По дороге домой машина представляет собой коробку под напряжением, я тоже не знаю почему. Только через два перекрестка я задаю вопрос о том, что она делала в этом районе. Мама говорит, что на этой улице очень хорошая химчистка. И есть штук пять поближе, молча думаю я. Но мама все равно это слышит и продолжает объяснение:
– Бабушка это платье сшила для меня. Я его больше всего люблю. И хотела быть уверена, что оно окажется в надежных руках, в самых лучших, а эта химчистка лучшая. – Я принимаюсь высматривать розовую квитанцию, которые она обычно крепит к приборной панели, но не нахожу. Может, в сумке? Возможно, это правда.

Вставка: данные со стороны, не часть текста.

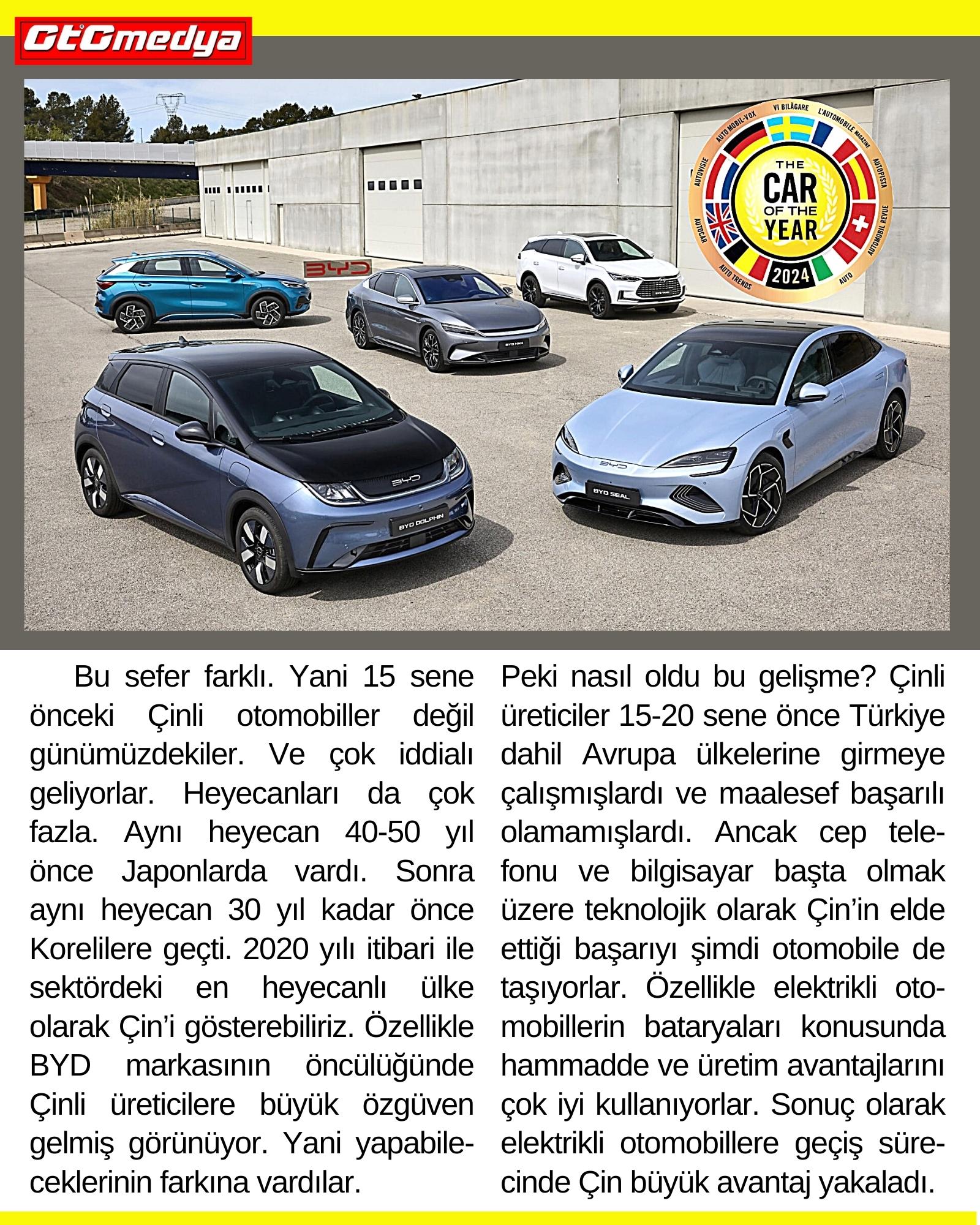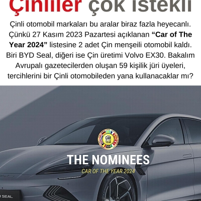 Çinli otomobil markaları bu aralar biraz fazla heyecanlı. Çünkü 27 Kasım 2023 Pazartesi açıklanan “Car of The Year 2024” listesine 2 adet Çin menşeili otomobil kaldı. Biri BYD Seal, diğeri ise Çin üretimi Volvo EX30. Bakalım Avrupalı gazetecilerden oluşan 59 kişilik jüri üyeleri, tercihlerini bir Çinli otomobileden yana kullanacaklar mı?

Только еще через два перекрестка мама говорит то, что должна была сказать с самого начала:
– А ты далеко от дома оказался.
Я отвечаю, что пошел гулять и забрел сюда, поскольку не хочу рассказывать, что перелез через забор, поднялся по пожарной лестнице и подсматривал за одним гением, который явно дал мне понять, что мама ошибается насчет меня и моего таланта.
Видно, что она собирается продолжить расспрос, но тут лежащий у нее на коленях телефон начинает вибрировать. Она смотрит на номер и сбрасывает звонок.
– Это с работы, – говорит она, бросая взгляд в мою сторону.
Никогда прежде не видел, чтобы она так потела. Под желтой тканью в районе подмышек образовались такие большие круги, как у рабочих на стройке.
Когда мы проезжаем мимо студий ШИКа, она сжимает мою коленку.
– Уже скоро, – говорит мама.
И тут все становится ясно. Она за мной следила. Мама переживает за меня, потому что я вел себя как рак-отшельник. Никакого другого разумного объяснения нет. Она спряталась и соврала насчет химчистки, потому что не хотела признаваться, что она за мной шпионит и нарушает мои границы. Придумав это объяснение, я расслабляюсь.
Но лишь до тех пор, пока она не сворачивает на холме на втором повороте вместо третьего, и уже на вершине подъезжает к дому. Мама вылезает из машины и говорит:
– Ну, ты идешь? – И я смотрю на нее, выпучив глаза, и не могу в это поверить: она уже почти стоит у двери с ключом в руках и тут понимает, что собирается войти в чужой дом, где живет какая-то другая семья.
(ПОРТРЕТ: Мама-лунатик входит в чужую жизнь.)
– Где я голову забыла? – говорит она, усаживаясь обратно в машину. Это могло бы, да и должно было, выглядеть смешно, но это не так. Что-то не так. Я чувствую это всем скелетом, но не понимаю, в чем же дело. И мотор она не заводит. Мы молча стоим перед чужим домом, смотрим на океан, где солнце уже проложило свой сияющий путь к горизонту. Выглядит он так, будто по воде рассыпаны звезды, и мне хочется по нему пройтись. Совершенно отстойно, что по воде мог ходить только Иисус. Я собираюсь поделиться этим с мамой, но замечаю, что машина наполнилась самой густой и самой тяжелой тоской из возможных, и мама не моя. Я даже не замечал, что ей настолько грустно. Может, поэтому она не заметила и нашего с Джуд развода.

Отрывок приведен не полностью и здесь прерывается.